Therefore it is possible for the clearing spud, against which a further
subsequent cutting effect is possible, to be relieved.
As yet another feature of the invention it is possible for the roller-like
cutting rotor to be constituted by a plurality of disks arranged side by
side and which are mounted in such a manner as to prevent relative twist
on a driven shaft. These features are responsible for a reduction in the
costs and simplification in the stockholding of spare parts and may render
it cheaper to maintain the rolls.
Yet another feature of the invention is such that the cutting teeth, which
are preferably in the form of asymmetrical saw teeth in cross section, of
the roller-like cutting rotor are made without any rake angle and
preferably with a clearance angle of 30.degree. and leading edge angle of
60.degree.. These features lead to a reliable draw in and reliable
pressing of the material and there is the advantage that there is no
excessively rapid cut. Furthermore there is here the advantage that owing
to absence of undercut at the back of the cutting teeth the spud is able
to ensure a particularly effective clearing effect. Furthermore such teeth
are particularly strong and robust.
Further advantageous developments and convenient features of the invention
will be gathered from the claims and from the following more detailed
account of working embodiments illustrated in accompanying figures.

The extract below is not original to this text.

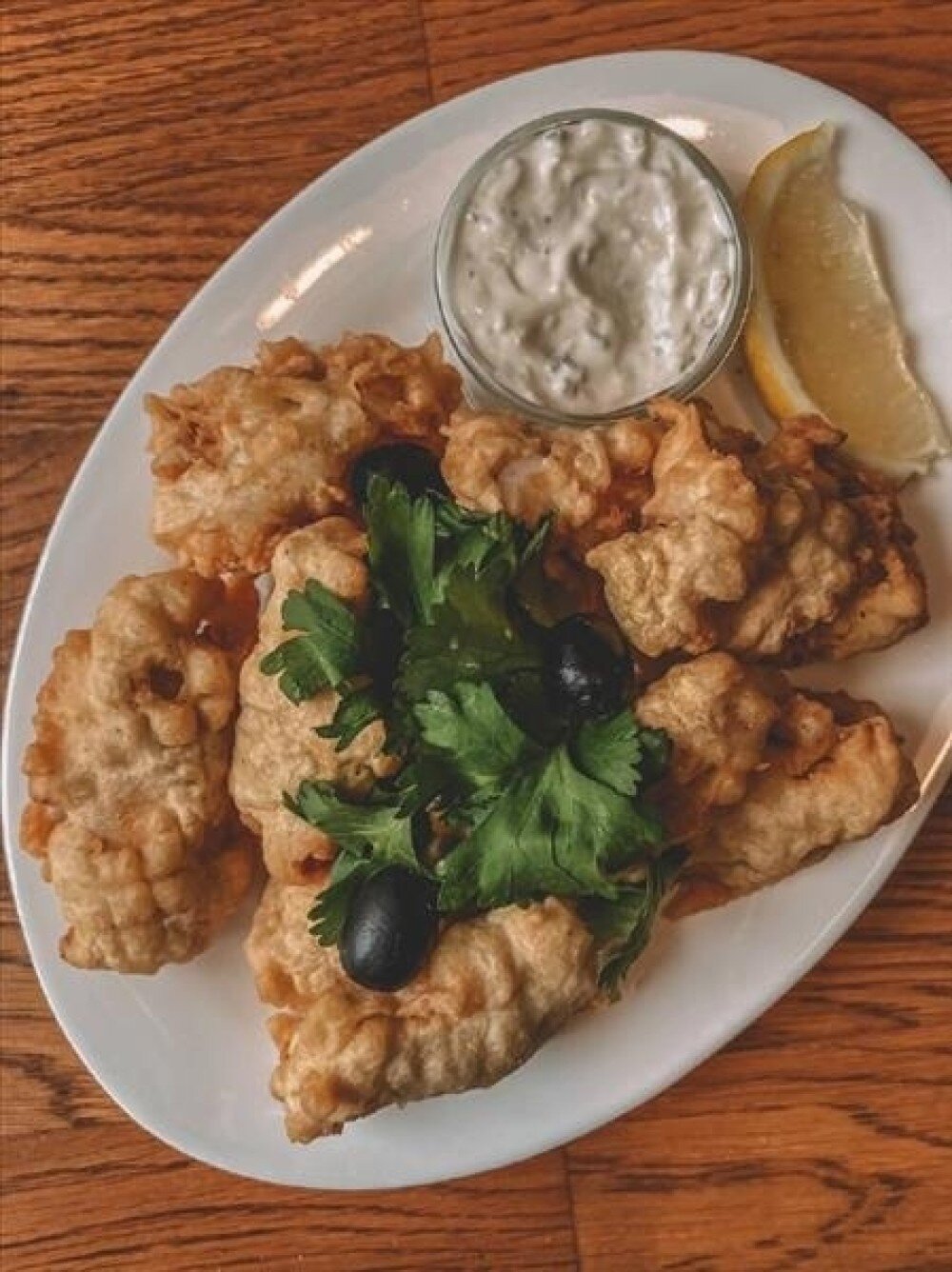 Подается с соусом «Тар-тар». Украшается маслинами и долькой лимона.

LIST OF THE SEVERAL FIGURES OF THE DRAWINGS
FIG. 1 shows a vertical section taken through a garden waste chopper in
accordance with the invention radially to the roller-like cutting rotor.

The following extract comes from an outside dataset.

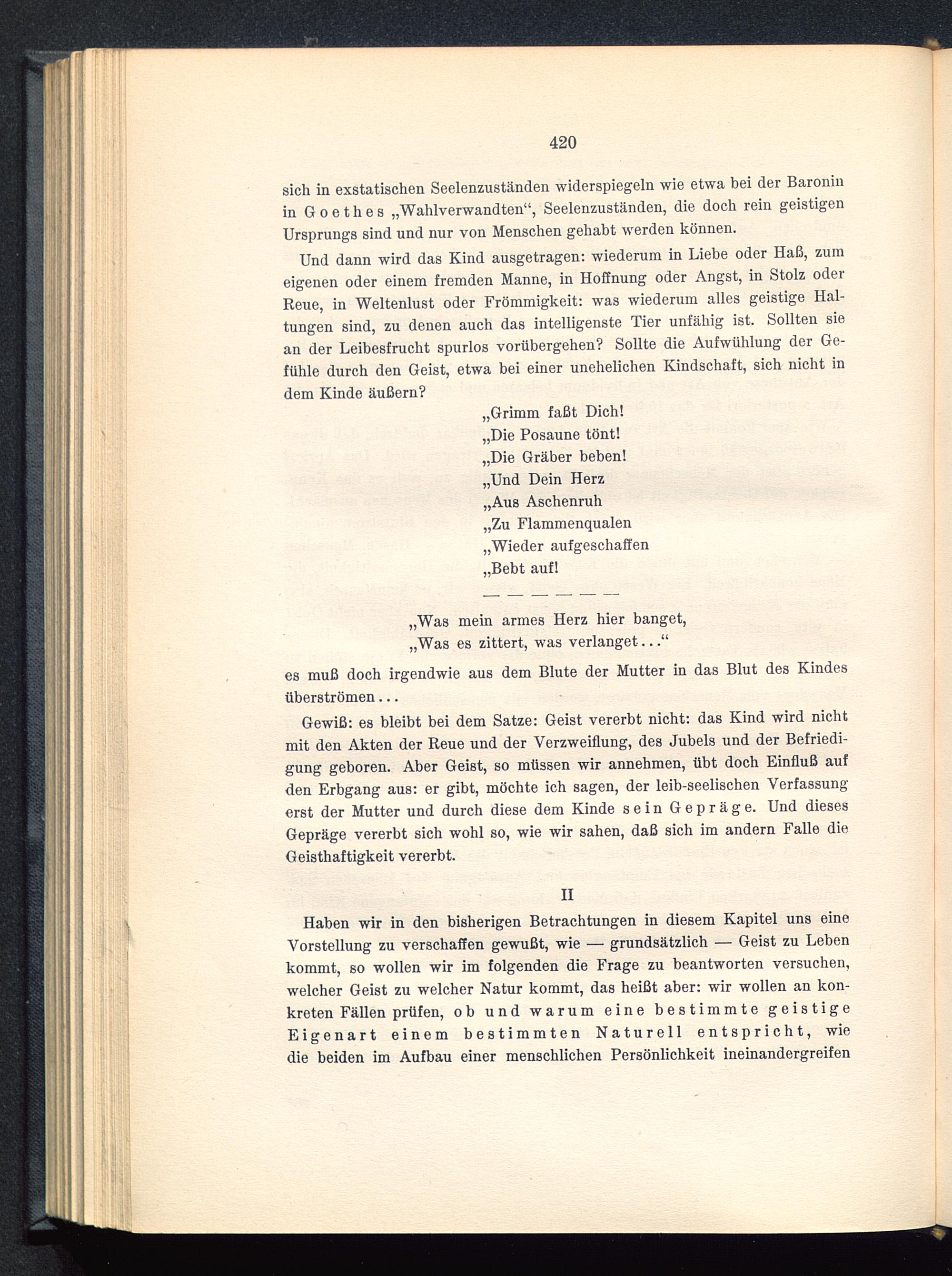 sich in exstatischen Seelenzuständen widerspiegeln wie etwa bei der Baroninin Goethes „Wahlverwandten“, Seelenzuständen, die doch rein geistigenUrsprungs sind und nur von Menschen gehabt werden können.
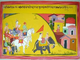 | Description / विवरण | Miniature painting based on Harivansha depicting Krishna and Balram moving with their army. |

FIG. 2 is a vertical section taken parallel adjacent to axis of the
roller-like cutting rotor as in the arrangement in accordance with FIG. 1.

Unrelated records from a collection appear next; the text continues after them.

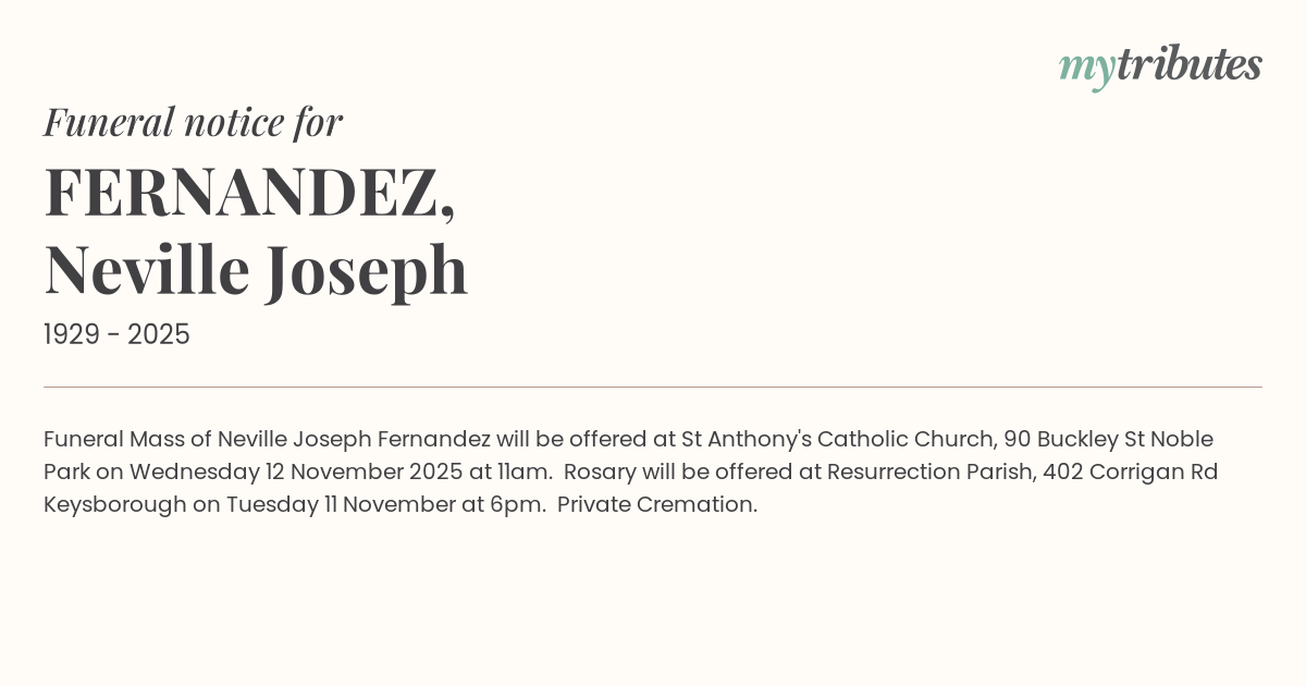 Funeral Mass of Neville Joseph Fernandez will be offered at St Anthony's Catholic Church, 90 Buckley St Noble Park on Wednesday 12 November 2025 at 11am. Rosary will be offered at Resurrection Parish, 402 Corrigan Rd Keysborough on Tuesday 11 November at 6pm. Private Cremation.
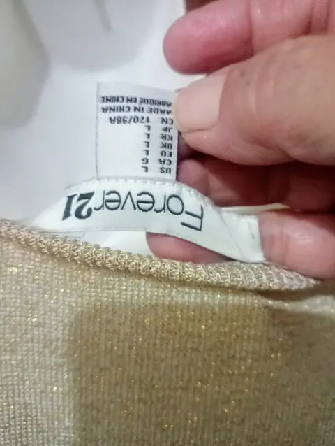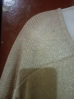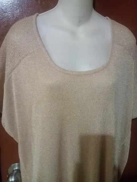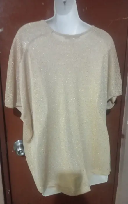 BLUSA DE POLIÉSTER, SPANDEX Y METÁLICO TALLA L PRÁCTICAMENTE NUEVA VIENE MUY AMPLIA QUEDA A XL TAMBIÉN LA PARTE DE ATRAS ES UN POCO MAS LARGA
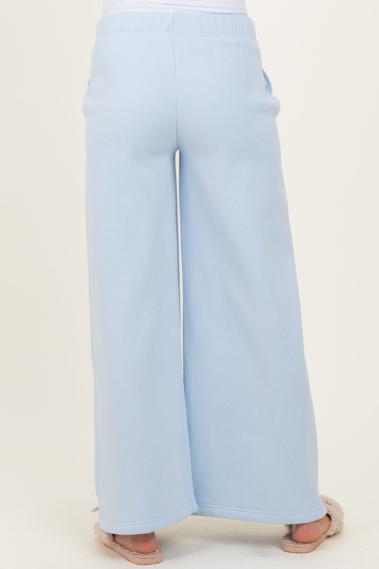 Light Blue Fleece Wide Leg Maternity Sweatpants
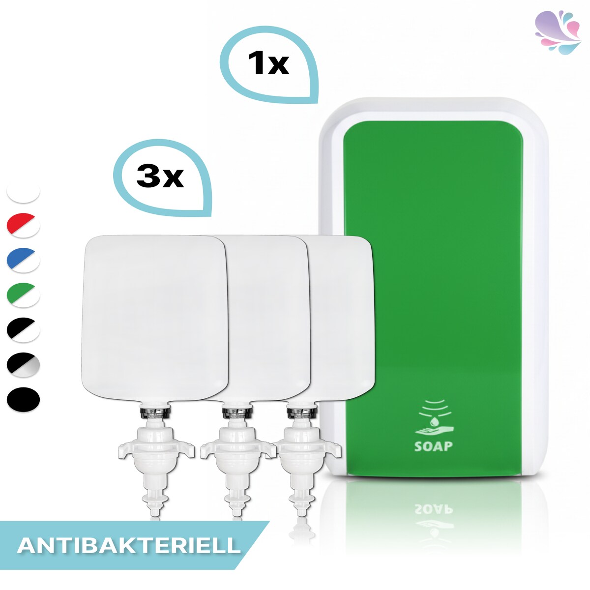 Blanc HYGIENIC SET: Schaumseifenspender SENSOR, berührungslos Blanc Cosmos versch. Farben+3x 1-Liter Schaumseife antibakteriell - PRODUKTSET : Farbe -
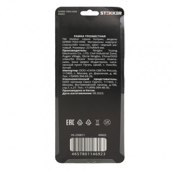 Рамка STEKKER GFR00-7003-05М на гнездо, , . Материал: Стекло/ABS пластик, цвет черный матовый, размер 227*84*9мм. Номинальное напряжение , номинальный ток , диапазон рабочих температур ,
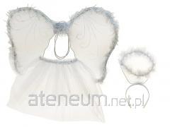 Opalizujące, kolorowe skrzydełka dla dziecka, w komplecie z różdżką. Skrzydełka posiadają elastyczne gumki umożliwiające komfortowe założenie oraz noszenie skrzydełek. Skrzydełka efektownie się mienią i doskonale komponują z błyszczącą różdżką. Różdżka zakończona została brokatową gwiazdką, od której ku dołowi odchodzą elementy dekoracyjne. Zestaw doskonale pasuje do przebrań wróżki czy magicznego jednorożca. Doskonały na sesje zdjęciowe, zabawy, bale przebierańców. Wymiary skrzydełek: 35x20 cm.

FIG. 3 shows on a larger scale the draw-in and cutting part of the
roller-like cutting rotor in a manner corresponding to FIG. 1.
FIG. 4 shows a section taken through a roller-like cutting rotor made up of
a plurality of parts which are joined together.
DETAILED ACCOUNT OF WORKING EMBODIMENTS OF THE INVENTION.
The garden waste chopper illustrated in FIGS. 1 and 2 consists, as may be
best seen from FIG. 1, of a chopper unit 2 arranged upright on legs 1 and
having a roller-like cutting rotor 3 which rotates at a slow speed, in the
present case of 50 rpm, about its horizontal axis. Above the roller-like
cutting rotor 3 there is a feed hopper 4 with a vertical axis and
underneath the roll there is an ejection chute 5 arranged with a vertical
axis. At the top end of the feed hopper 4 it is possible to have an intake
funnel 6. In order to mount the said elements the chopper device 2
possesses two lateral parallel bearing support units 7, on which the
cutting rotor 3 is bearinged and on which the feed hopper 4 and the
ejection chute 5 are rested and attached with side walls parallel to the
bearing support units, as best shown in FIG. 2.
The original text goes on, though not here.